The outcome of that conversation is a "user manual", which can act as a reference and be updated as needed. Within a team, these user manuals can help build trust and understanding and prevent petty tensions from becoming full blown disputes.
To help you get your first draft going, think deeply and answer the 12 questions below:
- What are your goals? Think about your job goals and, if you are comfortable, some personal ones.
- What impact do you hope to make? This might be an impact on the team you work with, the business overall or anything else you feel like sharing.
- What honest, unfiltered things should your co-workers know about you? For example, are you a morning person, an introvert, someone who needs time to contemplate before making a decision, data-driven, ask a lot of questions to get information, not particularly social, etc.

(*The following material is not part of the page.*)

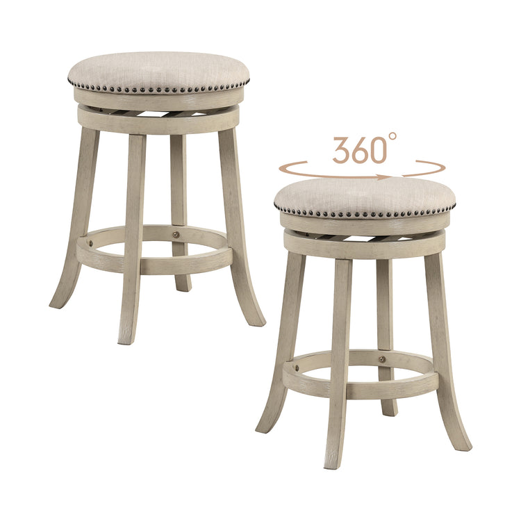 24/26 Inches Swivel Bar Stools Set of 2 wth Wooden Frame-26.5 inches, Beige
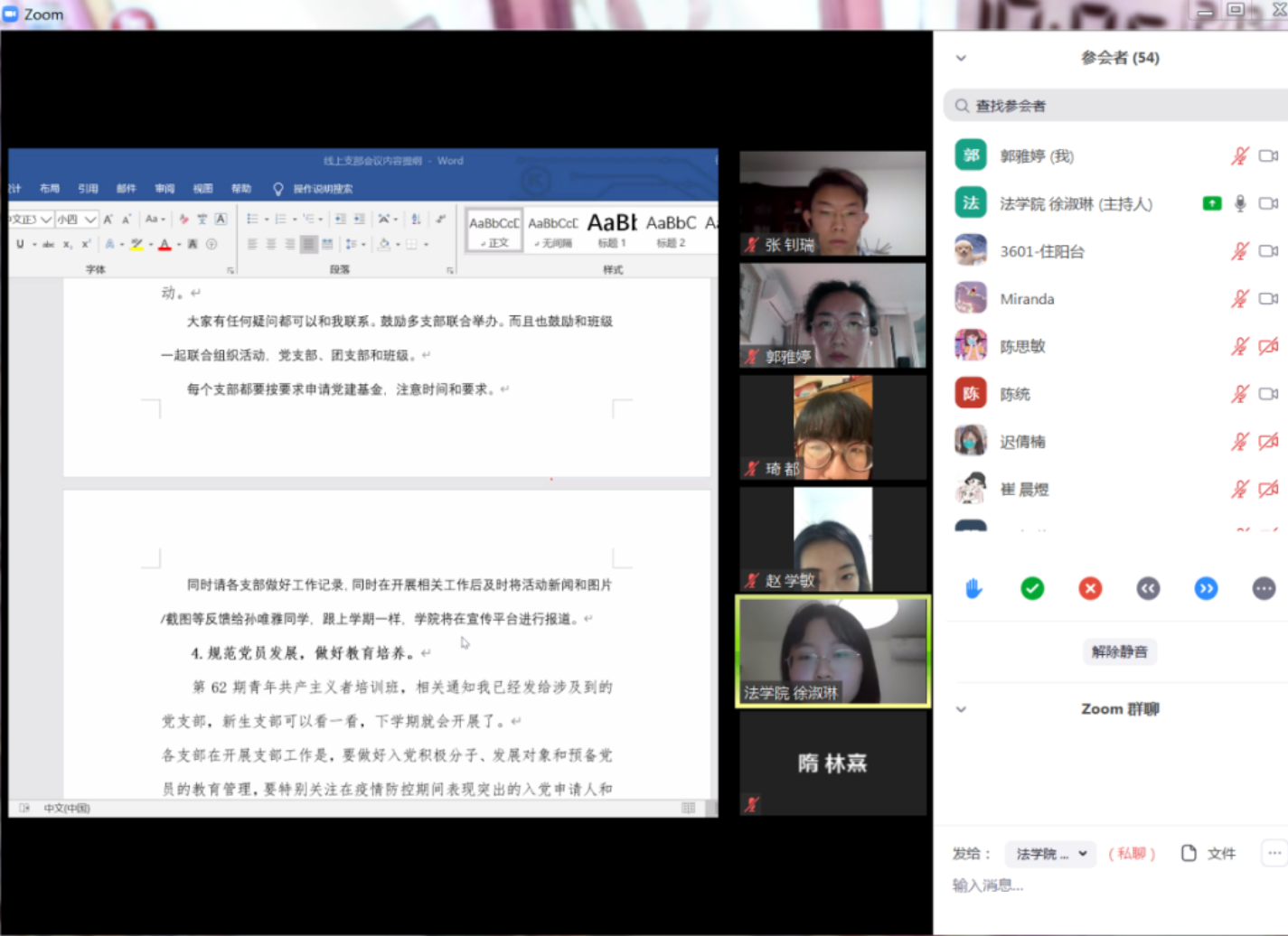 为深入贯彻习近平总书记坚决打赢疫情防控阻击战的重要指示精神,认真落实党中央、教育部及学校有关疫情防控工作部署,巩固深化“不忘初心、牢记使命”主题教育成果,带动广大学生党员统一思想、凝聚共识、鼓舞士气,做好疫情防控期间学生党建工作,开展好新学期学生党支部各项工作,欧洲杯 党委于2020年3月6日晚7点依托zoom平台召开新学期学生党支部线上工作会议。欧洲杯 党委副书记郭雅婷、专职辅导员徐淑琳、各学生党支部书记和其他支委以及学生党建组织员共54人参加了本次会议。

- How do you expect others with whom you work to behave? For example, come to meetings prepared; stay off devices while in meetings; if my door is closed, come back later when it's open; keep your promises; tell me about problems early.
- What results or level of performance do you expect from others? Examples include: If you make a promise, keep it. If there’s an issue that will prevent you from keeping a promise, let’s talk. Don’t surprise me, keep me apprised.
- How do you prefer to communicate? I prefer email or a phone call over text or IM. If there is a meeting, I expect an agenda and a good reason for me to attend. I don’t like monologue-type presentations; keep the dialogue open. I learn by asking questions.
- What are your expectations regarding response times? Unless requested otherwise, you can expect me to respond within the business day. If something requires an urgent response, call me.
- What are your feelings about communication and response times after-hours? I try to respect business hours, but I do tend to work outside those hours myself. If you get a message from me outside business hours, I do not expect a reply unless it is urgent or there is a crisis.
- Do you prefer to work from home or in the office? Zoom versus in-person meetings? I like to work at home or in a quiet space in an office. I prefer in-person to Zoom but recognize that isn’t always possible.
- If I want you to try something new or do something differently, how should I approach you? Best bet with me is to tell me you want to experiment. Let's have a discussion about it and determine the parameters of the experiment.
- If you are under stress, what might be the signs that tell me? How would you like me to react/help? For example, I will be eating candy, drinking excessive amounts of coffee or pop. I will be short tempered. If you notice that, ask me, "what’s up?"
- What is your preferred method to be recognized? I am happy with compliments that come from genuine place. I do not like big public displays.
Treat your manual as a living/evolving document. Get your teammates to do the same. Keep the conversation going by checking in on the manuals once in a while but at least annually or after significant milestones.